Top of SUPPLIED ENTRIES
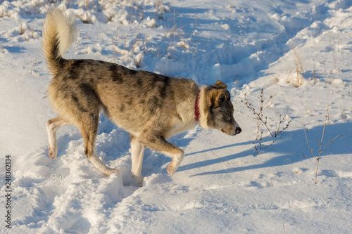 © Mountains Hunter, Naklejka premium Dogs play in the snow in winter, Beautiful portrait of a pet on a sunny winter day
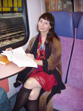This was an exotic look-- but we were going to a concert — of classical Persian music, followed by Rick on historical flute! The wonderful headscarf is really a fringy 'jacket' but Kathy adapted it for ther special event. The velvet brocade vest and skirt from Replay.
Bottom of SUPPLIED ENTRIES
Top of SUPPLIED ENTRIES
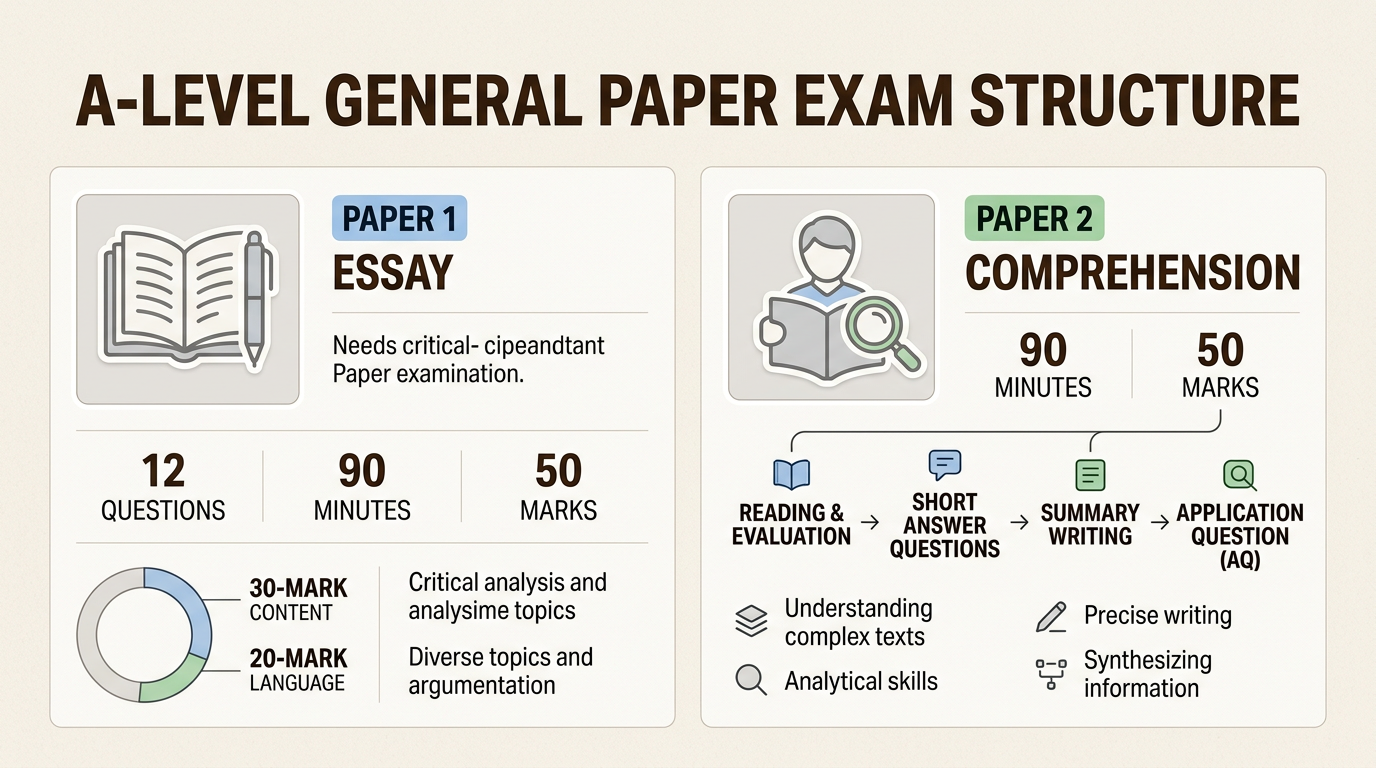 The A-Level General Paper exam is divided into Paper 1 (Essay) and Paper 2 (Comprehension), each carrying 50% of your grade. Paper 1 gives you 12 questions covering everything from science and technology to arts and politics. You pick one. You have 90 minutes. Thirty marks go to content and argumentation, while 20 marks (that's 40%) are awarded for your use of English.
Bottom of SUPPLIED ENTRIES
-- WHAT YOU NEED TO DO --
Pictures in the material above should be skipped; print exactly the lines from the one with "sunny winter day" through the one with "This was an".

-- ANSWER SPACE --
 © Mountains Hunter, Naklejka premium Dogs play in the snow in winter, Beautiful portrait of a pet on a sunny winter day
This was an exotic look-- but we were going to a concert — of classical Persian music, followed by Rick on historical flute! The wonderful headscarf is really a fringy 'jacket' but Kathy adapted it for ther special event. The velvet brocade vest and skirt from Replay.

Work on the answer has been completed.